Dance Review: National Dance Company of Spain

This pristine group of refined dancers is allowed to perform invaluable repertoire just until the end of the year, before it completely changes its course.

National Dance Company Spain 311 (photo credit: Courtesy)
National Dance Company Spain 311
(photo credit: Courtesy)
Choreographer and artistic director Nacho Duato, who created the two-part work Multiplicity and Forms of Silence/Emptiness 12 years ago, is also responsible for turning the National Dance Company of Spain, into one of the leading contemporary dance companies in the world. Now, relieved of his post, this pristine group of refined dancers is allowed to perform his invaluable repertoire just until the end of the year, before it completely changes its course.
In that context, it was a double pleasure to see once more one of Duato's exquisite creations, a perfect showcase for his choreographic talents and the refined company that he nurtured for 20 years.

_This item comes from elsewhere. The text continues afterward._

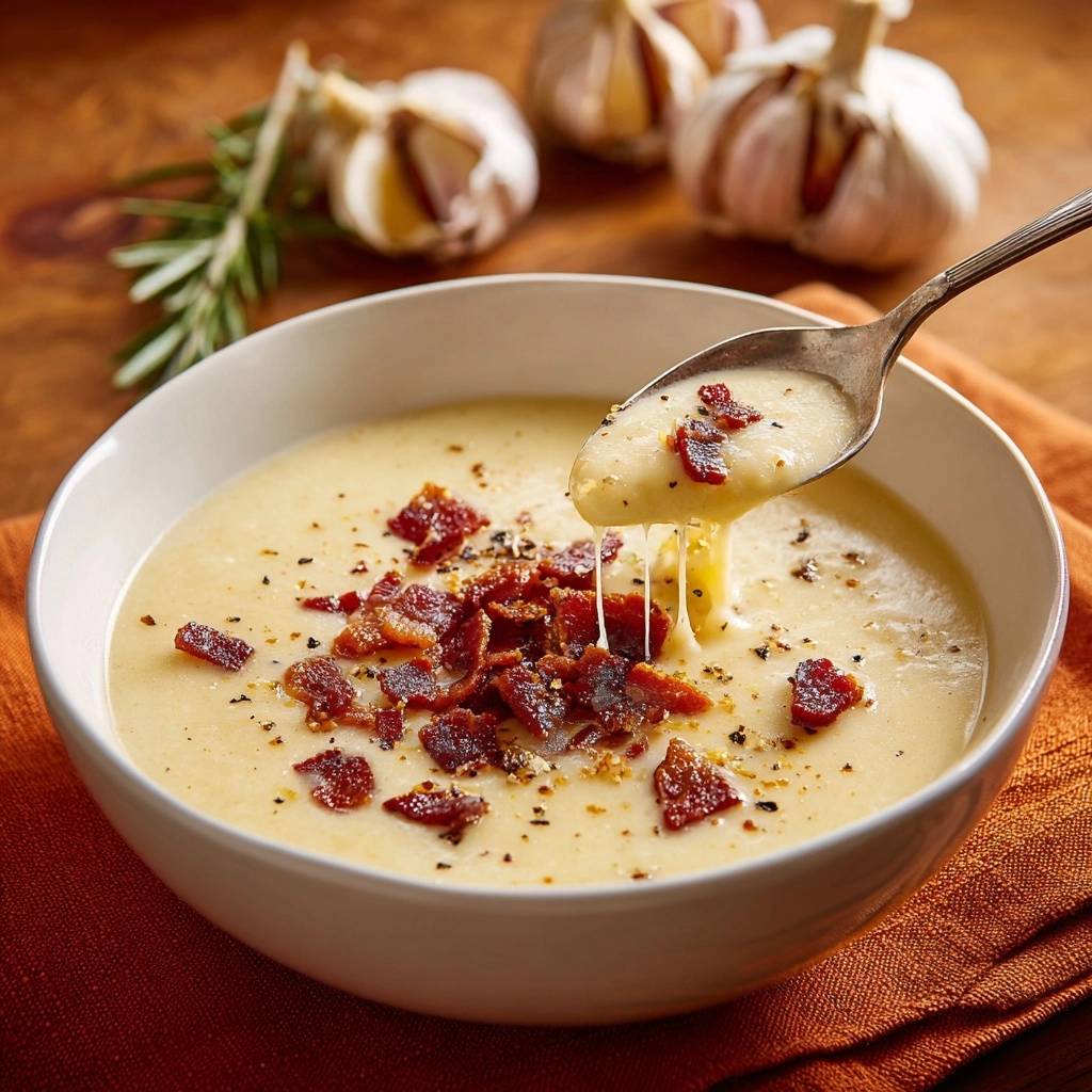 Cremige Kartoffel-Knoblauch-Suppe mit Speck – Rezept

Both parts of the evening were set to music by Johan Sebastian Bach. It was structured as a collage of short pieces streaming smoothly, following each other like a string of pearls. He managed to bring forward the multiple facets of the music, its moods and emotions, with his ingeniously rich vocabulary that is highly demanding, yet, seems effortless by his dancers.
As the evening moved along, the visual delights of the dances, the design of the set and the music crept under the skin and filled the body with great satisfaction and pleasure.
Duato’s roots go back to the years he spent working with the prestigious choreographer Jiri Kylian, and like him he is gifted with great musicality, an eye for sophisticated esthetics, acute sensitivity for space, compassion and a healthy sense of humor that keeps him away from pompous, empty gestures.